Calcium oxide, the formula CaO, is often referred to as quicklime. This publication will tell you about the properties, production, and use of this substance.
Definition
Calcium oxide is a white crystalline substance. In some sources, it may be called calcium oxide, quicklime, "boiling" or kirabite. Quicklime is the most popular trivial name for this substance. It is the only and highest calcium oxide.
Properties
Oxide is a crystalline substance having a cubic face-centered crystal lattice.

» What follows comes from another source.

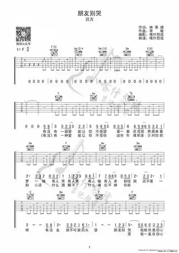 朋友别哭吉他谱_吕方_高清弹唱谱_f调六线谱完整版

It melts at a temperature of 2570 o C and boils at 2850 o C. It is a basic oxide, its dissolution in water leads to the formation of calcium hydroxide. The substance may form salts. To do this, it must be added to an acid or acid oxide.
Receipt
It can be obtained by thermal decomposition of limestone. The reaction proceeds as follows: calcium carbonate is gradually heated, and when the temperature of the medium reaches 900-1000 ° C, it decomposes into gaseous tetravalent carbon monoxide and the desired substance. Another way to obtain it is the simplest compound reaction. To do this, a small amount of pure calcium is immersed in liquid oxygen, followed by a reaction, the product of which will be the desired oxide. Also, the latter can be obtained in the process of decomposition of calcium hydroxide or calcium salts of certain oxygen-containing acids at high temperatures. For example, consider the decomposition of the latter. If you take calcium nitrate (the residue is taken from nitric acid) and heat it to 500 ° C, then the reaction products will be oxygen, nitrogen dioxide and the desired calcium oxide.
Application
Basically, this substance is used by the construction industry, where it is used to produce silicate bricks. Previously, calcium oxide was also used in the manufacture of lime cement, but soon the latter was no longer used due to the absorption and accumulation of moisture by this compound. And if it is used for laying the stove, then when heated, suffocating carbon dioxide will soar in the room. Also, the substance now discussed is known for its resistance to water. Because of this property, calcium oxide is used as a cheap and affordable refractory. This compound is indispensable in any laboratory when drying substances that do not react with it. Calcium oxide is known in one industry as food additive E529. Also, a 15% solution of this substance is needed in order to remove sulfur dioxide from some gaseous compounds. With the help of calcium oxide, "self-heating" dishes are also produced. This property is provided by the process of heat release during the reaction of calcium oxide with water.
Conclusion
That's all the basic information about this compound. As mentioned above, it is often referred to as quicklime. Did you know that the concept of lime in chemistry is very flexible? There are also slaked, bleach and soda lime.